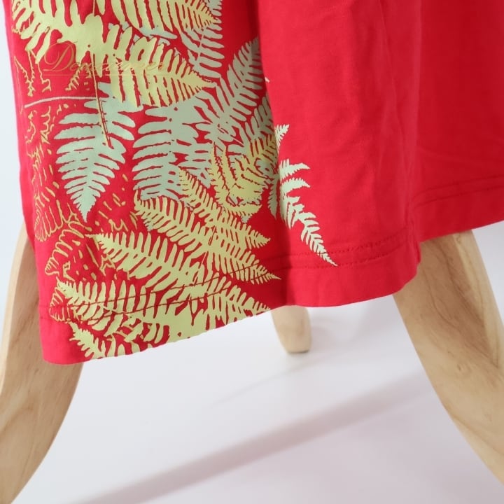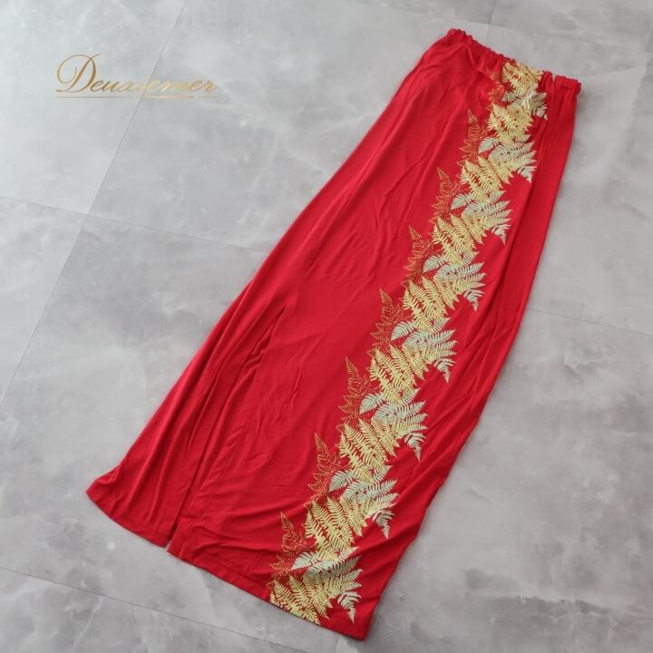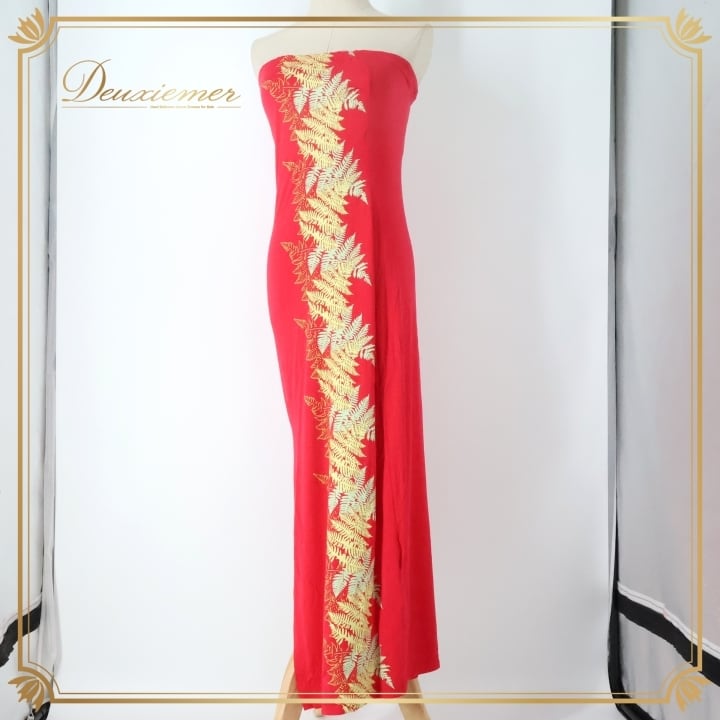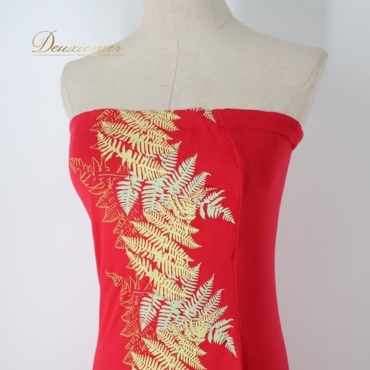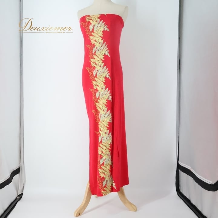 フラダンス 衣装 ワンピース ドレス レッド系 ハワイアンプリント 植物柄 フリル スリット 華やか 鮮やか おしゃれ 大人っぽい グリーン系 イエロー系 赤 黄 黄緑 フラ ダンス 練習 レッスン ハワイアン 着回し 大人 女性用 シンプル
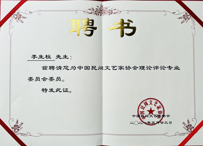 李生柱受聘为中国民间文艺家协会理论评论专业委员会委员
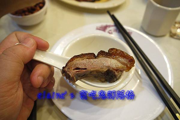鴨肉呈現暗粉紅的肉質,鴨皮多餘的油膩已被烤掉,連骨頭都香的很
...
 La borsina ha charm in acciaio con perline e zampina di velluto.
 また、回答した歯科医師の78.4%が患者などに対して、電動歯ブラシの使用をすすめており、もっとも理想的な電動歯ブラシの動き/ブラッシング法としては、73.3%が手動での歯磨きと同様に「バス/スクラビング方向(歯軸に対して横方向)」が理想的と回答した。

*TASK TO CARRY OUT*
Please give an exact copy of the entries above, from the line with "La borsina ha" down to the line with "また、回答した歯科医師の78", inclusive, and nothing else.

*RESPONSE BOX*
 La borsina ha charm in acciaio con perline e zampina di velluto.
 また、回答した歯科医師の78.4%が患者などに対して、電動歯ブラシの使用をすすめており、もっとも理想的な電動歯ブラシの動き/ブラッシング法としては、73.3%が手動での歯磨きと同様に「バス/スクラビング方向(歯軸に対して横方向)」が理想的と回答した。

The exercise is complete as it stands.